Your posts come across as overbearing. Give your children what they each need , not what you want.

Lengokengo · 23/04/2025 11:54

this will likely breed resentment.

my parents both revere one each of my older siblings. I am told either how amazing and kind my older sister is, or have to endure boasting about my older brother and his achievements.

i don’t contradict my parents, but I am very clear eyed about both of my siblings, their faults , how they treated me when I was younger ( and when they were in a position of power of me) and separately my parents favouritism and interpretation of events.

the only inspiration that it gave me was to rely on them as little as possible and limit contact to the minimum that I could get away with.

Ecrire · 23/04/2025 12:13

Floopodboe · 23/04/2025 11:45

DS's path through life is something I wanted my youngest to emulate. He did the 11+, went to a good grammar school. Did well at GCSEs and A-levels.

Got a first class in his maths degree and is now working a well paid job in fintech.

Have you even listened to a single piece of advice or experience or warning on this thread ?

WhatNoRaisins · 23/04/2025 12:16

Surely it's like anyone else, you should look up to someone because of their character and conduct rather than because they are older than you.

stringsoup · 23/04/2025 12:18

Nope, my eldest sister is a total narc.....
Treat with kid gloves and step back.

stringsoup · 23/04/2025 12:29

In my experience first born are often the most tricky characters

GETTINGLIKEMYMOTHER · 23/04/2025 12:31

Not really, since elder sister is so utterly different from me. But perhaps I should, since she’s always been so neat and tidy, and her house is always immaculate!

Sulu17 · 23/04/2025 12:32

absolutely not. My older sibling damaged a whole chunk of my childhood.

TotallyAddictedToCoffee · 23/04/2025 12:32

Absolutely not

My eldest brother is a racist bigot who believes Trump is doing a splendid job and thinks it's funny to call people gay for having hobbies (in front of his very effeminate 10 year old son...!)

curious79 · 23/04/2025 12:33

I think it depends on how nice and admirable they are. Do they ahve a quality that's worth looking up to? and as far as you know, are they nice to the younger sibling in question?
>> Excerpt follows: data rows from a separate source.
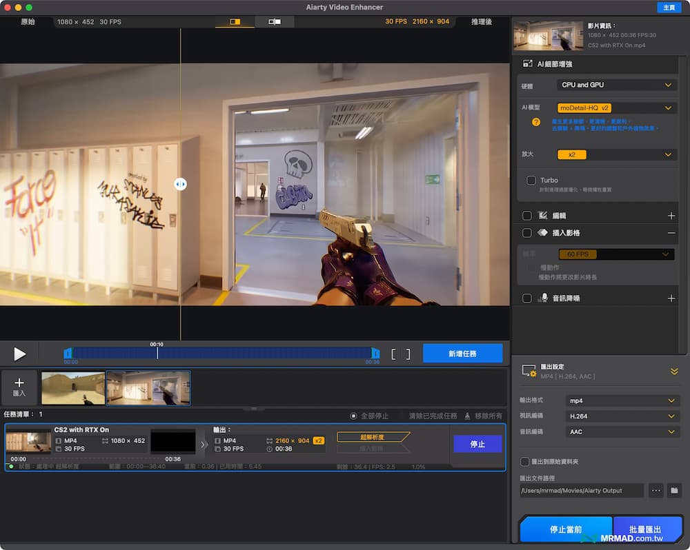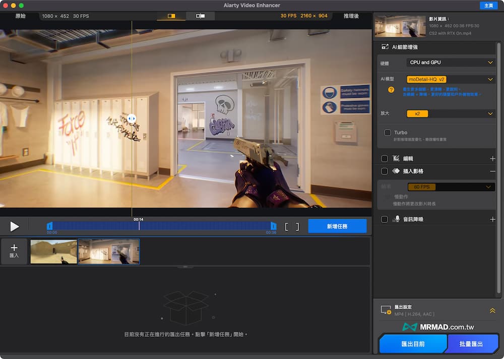 最後都確認後,就能透過右下角設定輸出格式、影像和音訊編碼,Aiarty Video Enhancer 還有更能完整發揮 GPU 加速轉檔。
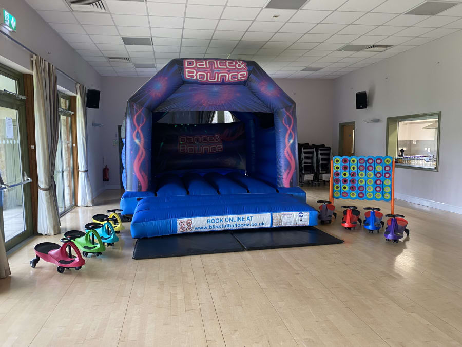 Harmans Cross Village Hall can easily accommodate a bouncy castle soft play package and a large photo backdrop sailboard balloon display for your party or celebration.
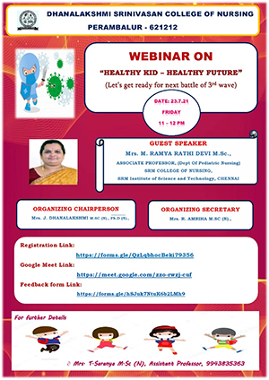 After witnessing a devasting second wave of the covid – 19 pandemic, India is now preparing to face a third wave of the virus. Experts have already predicted that covid – 19 third wave is imminent and they have wanted children would be affected by the third wave most. School closure, social distancing and confinement increase the risk of poor nutrition among children. Furthermore the pandemic has the potential to create new vulnerable children and countries must prepare to respond to growing needs for support. With warnings from experts, and a second wave that has served as a lesson on how prepared the country is, states are already taking steps to ensure there are arrangements in place to protect children. The main aim of this webinar is that to learn about prevention of children from Covid – 19 third wave. UG & PG students, staff Nurses from Government and Private Institutions, Principals, Professors, Associate professors, Assistant professors and Nursing Tutors from various colleges have attended the webinar through google meet. 174 candidates were registered. Guest speaker Mrs. M.Ramya Rathi Devi M.sc (N), Ph.D, Professor cum HOD of Child Health Nursing invited from SRM College of Nursing, Chennai. She presented the topic very effectively and the participants gained more knowledge about Epidemiology, Risk factor, Clinical manifestation, Diagnosis, Management, Role of Pediatric Nurse and Prevention of Covid – 19. The Session started sharply by 11 am with welcome address by Ms.R.Ambiha, Organizing Secretary, and then opening of the theme was done byMrs. J.Dhanalakshmi, Organizing Chairperson, and then the session handed over to Guest speaker. After the speech, feedbacks were discussed between the guest speaker and participants and the session ended with Vote of thanks, by Ms.Sathya, M.Sc Nursing I year student. Whole session was monitored by Ms. T.Saranya, Assistant Professor of Dhanalakshmi Srinivasan College of Nursing. 84 candidates were expressed their feedback as the webinar was excellent and they gained more knowledge regarding Prevention and awareness of Covid 19 to Children.
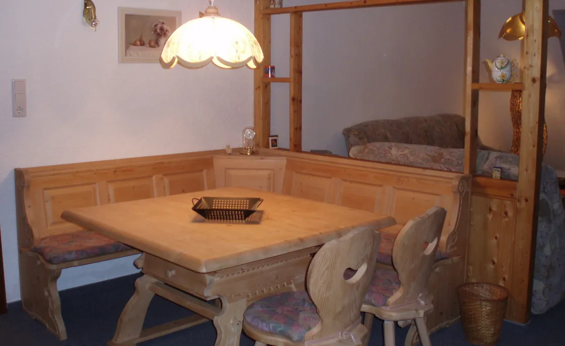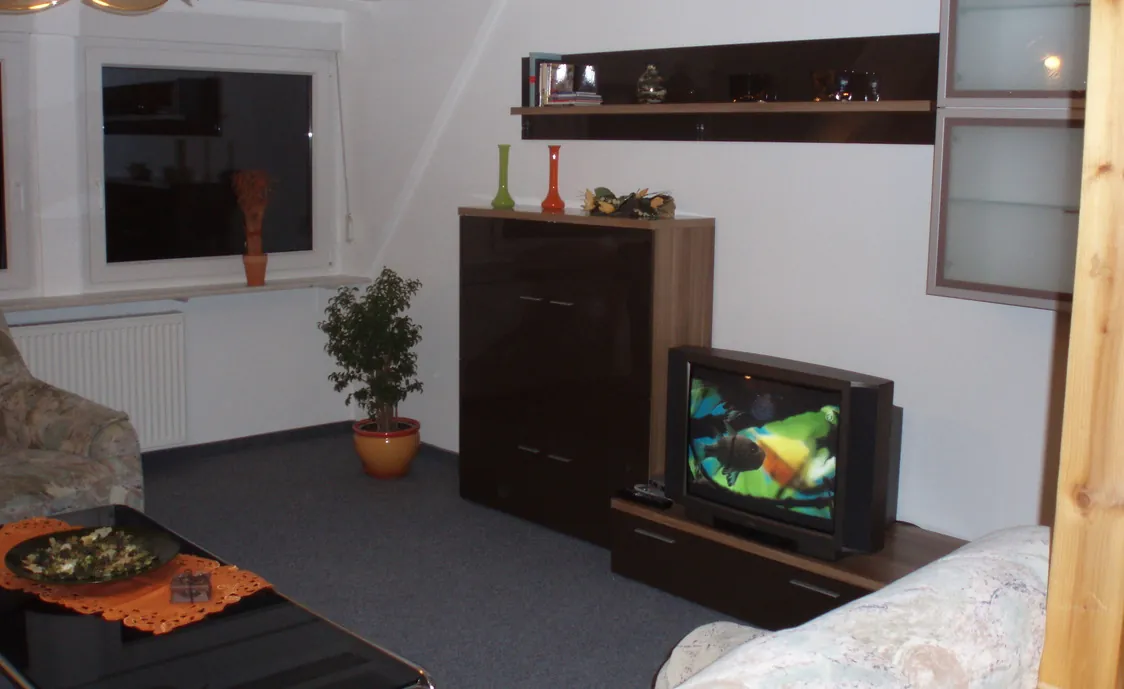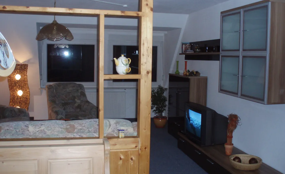 Es umfasst ein wohnlich eingerichtetes Wohnzimmer mit einem zum Doppelbett umfunktionierendem Couch. TV, Radio mit CD, WLAN. ein geräumige Ess.- und Arbeitsecke mit großem Tisch, Eckbank und 2 Stühlen, ein separates Schlafzimmer mit Doppelbett (elektr. verstellbaren Lattenrosten u. 4 Jahreszeitenbetten) kostenlose Bettwäsche. Kompl. eingerichtete Küche mit E-Herd, Kühl.- Gefriekombination, Spülmaschine, Kaffeemaschine, Toaster, Wasserkocher und für 6 Personen Geschirr. Ein Badezimmer mit Badewanne, seperater Dusche, WC, Föhn und kostenlose Handtücher. Auf Wunsch Beistellbett, Kinderbett, und 2 Kinderhochstühle verfügbar.
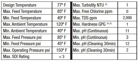 * Product flow and recovery rates are based on feed-water condition of 1,000 ppm of TDS @ 77F / 25C. Treatment ability of the RO System is dependent on feed water quality. Higher TDS and/or lower temperatures will reduce product flow. Performance projections should be run for each installation.

My sister was a horror to me. I have plenty of friends who were bullied mercilessly by their siblings to the complete ignorance of the parents

With our kids. DD15 looks up to DS22, who is kind, and not to older DD17 who is just nasty to her

MinkyWales · 23/04/2025 12:48

No.

My oldest brother is nice enough, but a bit odd. The other brother is a racist, Trump-loving, manipulative, bullying arse. And my late mum’s favourite because he tells a lot of jokes, usually at someone else’s expense, and modelled on the style of Jim Davidson.

I’ve had to support both of them financially over the years. Only one of them appreciates it, though.
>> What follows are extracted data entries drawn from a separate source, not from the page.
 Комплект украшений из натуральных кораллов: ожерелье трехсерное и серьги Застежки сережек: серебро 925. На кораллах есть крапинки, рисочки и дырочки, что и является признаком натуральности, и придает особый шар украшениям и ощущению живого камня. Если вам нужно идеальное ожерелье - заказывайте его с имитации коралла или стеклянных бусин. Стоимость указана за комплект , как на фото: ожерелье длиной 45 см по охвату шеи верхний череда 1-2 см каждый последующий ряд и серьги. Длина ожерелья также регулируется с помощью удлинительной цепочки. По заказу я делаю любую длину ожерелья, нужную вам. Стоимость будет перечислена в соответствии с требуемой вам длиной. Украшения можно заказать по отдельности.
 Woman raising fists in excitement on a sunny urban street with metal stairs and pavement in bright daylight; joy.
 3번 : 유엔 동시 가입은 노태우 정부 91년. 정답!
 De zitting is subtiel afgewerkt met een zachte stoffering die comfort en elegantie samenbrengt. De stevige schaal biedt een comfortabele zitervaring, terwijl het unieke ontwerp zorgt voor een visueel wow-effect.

slamdunk66 · 23/04/2025 12:50

I’ve an older sibling and 4 younger ones. I don’t ’look up ‘ to him no. We have a great relationship, but if if I’d followed in his footsteps it wouldn’t taken me 5 years to finish my undergrad.

Ineedcoffee2021 · 23/04/2025 12:52

and if your youngest is an artsy muso who floats from job to job cos they prefer more time for things like art, music
what if they not academically inclined? just happy to pass HS and get a stock standard job?
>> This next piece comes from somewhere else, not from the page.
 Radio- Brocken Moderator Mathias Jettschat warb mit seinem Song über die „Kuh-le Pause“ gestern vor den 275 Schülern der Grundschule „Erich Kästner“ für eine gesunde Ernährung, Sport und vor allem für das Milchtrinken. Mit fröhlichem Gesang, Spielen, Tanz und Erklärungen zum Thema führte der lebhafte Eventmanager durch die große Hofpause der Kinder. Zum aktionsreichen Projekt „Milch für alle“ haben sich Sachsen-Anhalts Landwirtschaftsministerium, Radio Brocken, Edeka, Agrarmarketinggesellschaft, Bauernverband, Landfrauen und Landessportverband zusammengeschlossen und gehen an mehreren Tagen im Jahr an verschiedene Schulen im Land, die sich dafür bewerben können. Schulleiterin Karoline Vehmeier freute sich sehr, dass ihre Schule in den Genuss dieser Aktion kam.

not even touching on the pressure it puts on your eldest

Namechangedforspooky · 23/04/2025 12:54

I was the oldest and treated like this. Basically the younger ones are put under a load of pressure but what they didn’t see was that I was put under a lot of pressure to set a good example as well and my parents were much stricter with me.

I really try not to compare my DC for this reason. It just causes stress and resentment

Meadowfinch · 23/04/2025 12:58

No, I don't think that's fair. Being a teen is hard enough without being expected to be a role model to a tween. If it happens then great, but it shouldn't be an expectation.

As adults, no definitely not. That would be weird. We are all equals with different strengths and weaknesses.